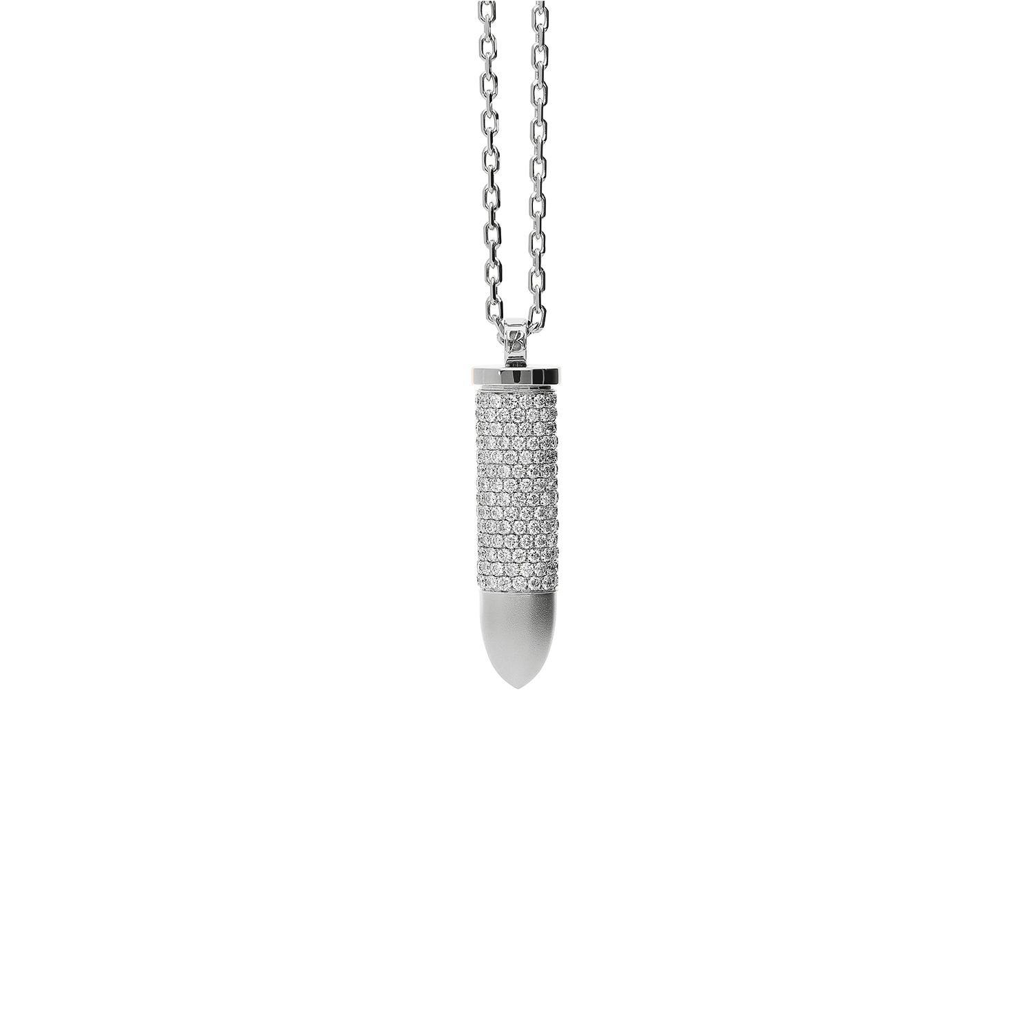 Bulletruth Collection Necklace in 18kt white gold 21,70g with body pavé and 4,68 ct GSI brilliant cut white diamonds. 70 cm total lenght
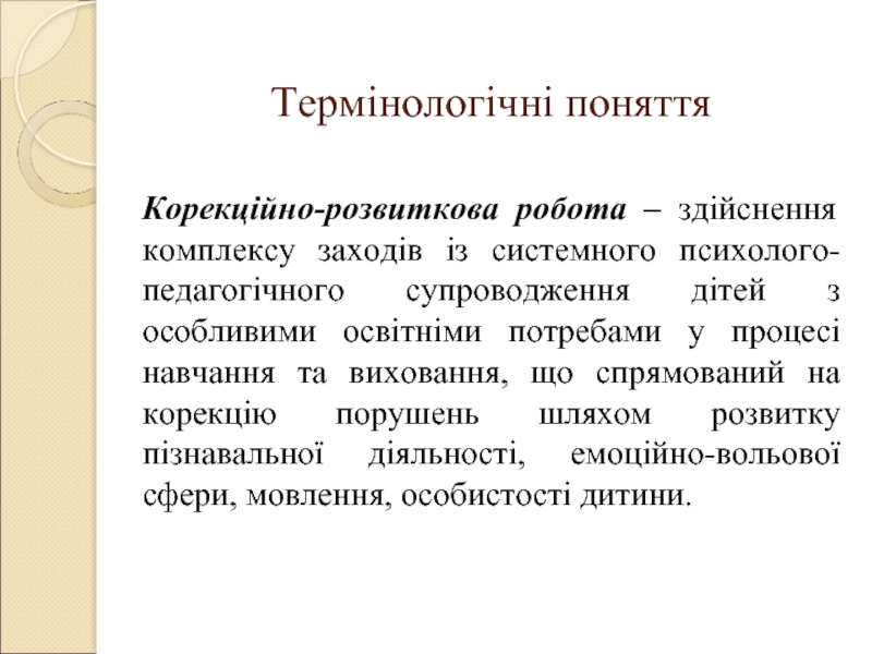 з особливими освітніми потребами у процесі навчання та виховання, що спрямований на корекцію порушень шляхом розвитку пізнавальної діяльності, емоційно-вольової сфери, мовлення, особистості дитини.
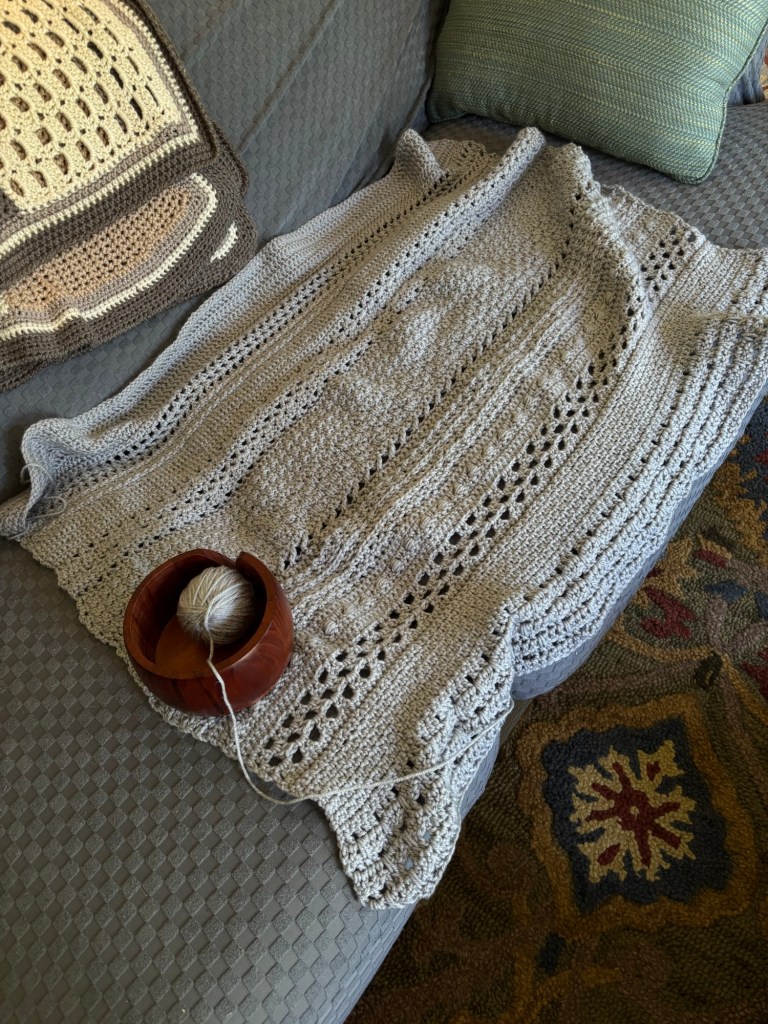 I like having something to do with my hands when we watch TV in the evening. But, I am not consistent. Some days, I do nothing. Some days, I do 10 stitches and put it down. Some days, I get 5 rows done. If there was any question about whether I have ADD, this answers it.
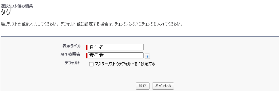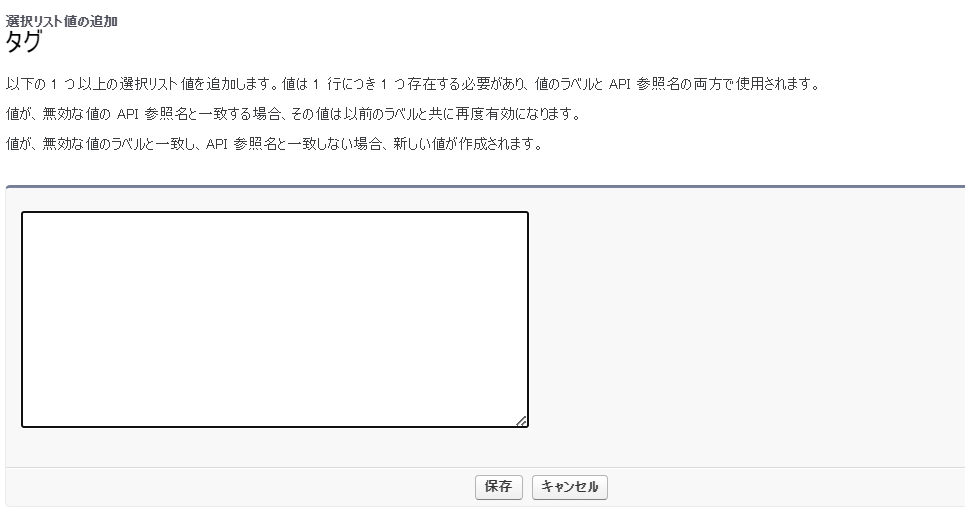 タグで「新規」の作成をする。(既存の選択肢を編集する場合、値とAPI参照名を両方同じように変更する必要があります)
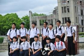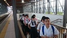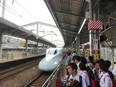 修学旅行生は、広島平和公園で講話を聞いた後資料館を見学し、電車(広島電鉄)を利用して、広島駅に向かっています。この後新幹線(のぞみ136号)に乗り、京都駅に向かいます。
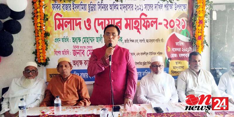 এতে প্রধান অতিথি হিসেবে বক্তব্য রাখেন জাতীয় শিক্ষক নেতা ও ফকিরবাজার ইসলামিয়া ছুন্নিয়া সিনিয়র আলিম মাদ্রাসার সভাপতি অধ্যক্ষ মোহাম্মদ আলী চৌধুরী মানিক। মাদ্রাসার অধ্যক্ষ মাও. কাজী আবুল বাসারের সভাপতিত্বে এবং প্রভাষক এম. সাইফুল ইসলামের সঞ্চালনায় বক্তব্য রাখেন সাবেক সভাপতি হাজী আ: ওহাব মাস্টার, সহকারি অধ্যাপক আ: খালেক, অত্র মাদ্রাসার গভর্ণিং বডির সদস্য হাজী তফাজ্জল হোসেন, অভিভাবক সদস্য কাজী বাহার মিয়া, দাতা সদস্য হাজী মনিরুল হক আরিফ, বীর মুক্তিযোদ্ধা কাজী আবুল কাশেম, খারেরা সরকারি প্রা: বিদ্যালয়ের সাবেক সভাপতি আবদুস ছালাম, বর্তমান সভাপতি এম. আবদুল কাইয়ুম, কাজী তাজুল ইসলাম।

## Exercise brief
The lines wanted run from the first one in the material above through the line containing "з особливими освітніми"; give them again exactly, leaving out the pictures.

## Finished task
 Bulletruth Collection Necklace in 18kt white gold 21,70g with body pavé and 4,68 ct GSI brilliant cut white diamonds. 70 cm total lenght
 з особливими освітніми потребами у процесі навчання та виховання, що спрямований на корекцію порушень шляхом розвитку пізнавальної діяльності, емоційно-вольової сфери, мовлення, особистості дитини.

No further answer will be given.